We have re-examined the nature of the cluster galaxy luminosity function using the data from the Edinburgh-Durham Southern Galaxy Catalogue and the Edinburgh-Milano Redshift Survey. We derive a best-fitting luminosity function (LF) over the range −18 to − 21 in M(bj), for a composite sample of 22 of the richer clusters that has M(bj)⋆= −20.16 ±0.02 and α= −1.22 ± 0.04. The dominant error in these values results from the choice of background subtraction method. From extensive simulations we can show that when the LF is fitted over this narrow range, it is difficult to discriminate against bright values of M ⋆ in the single cluster fits, but that faint values provide a strong test of the universality of the luminosity function. We find that all the individual cluster data are well-fitted by a Schechter function with α fixed at −1.25, and that ≤ 10 per cent of these have fitted values of M ⋆ that disagree from the average at the 99 per cent confidence level.
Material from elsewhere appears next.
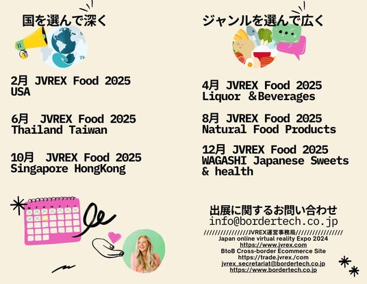 海外展開DXによる「日本の夜明け3.0」実現を目指し、日本食品メタバースグローバル展示会「JVREX Food」および日本食品BtoB越境ECサイト「JVREX Trade」を運営する株式会社BorderTech(千葉県流山市、代表取締役社長 岸本 誠)は、2025年度の年間イベントについてお知らせします。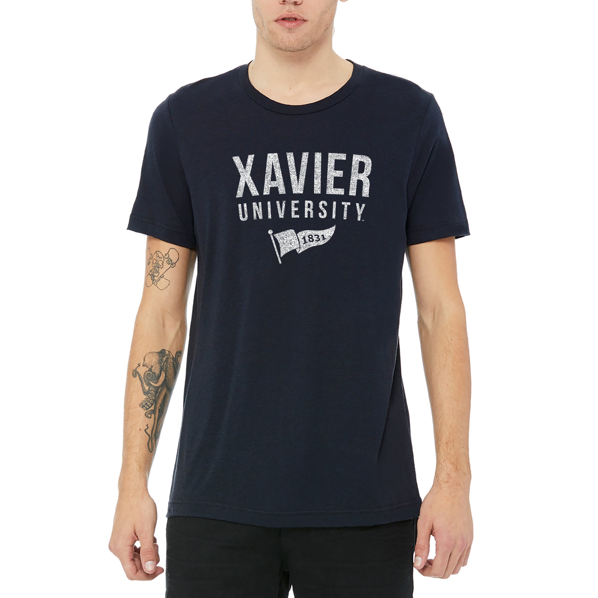 Xavier University Musketeers 1831 Banner Canvas Short Sleeve Triblend T-Shirt - Solid Navy

We further show that fitting only a single parameter Schechter function to composite subsets of the data can give erroneous results for the derived M⋆, as might be expected from the known tight correlation between M⋆ and α. By considering two parameter fits, the results of Monte Carlo simulations and direct two-sample χ2 tests, we conclude that there is only weak evidence for differences between the data when broken down into subsets based on physical properties (Bautz-Morgan class, richness, velocity dispersion): from our simulations, only the evidence for a difference between subsets based on velocity dispersion may in fact be significant. However, we find no evidence at all that a Schechter function is not a good model for the intrinsic cluster luminosity function over this absolute magnitude range. Models that invoke strong evolution of galaxy luminosity of all galaxies within clusters are inconsistent with our results.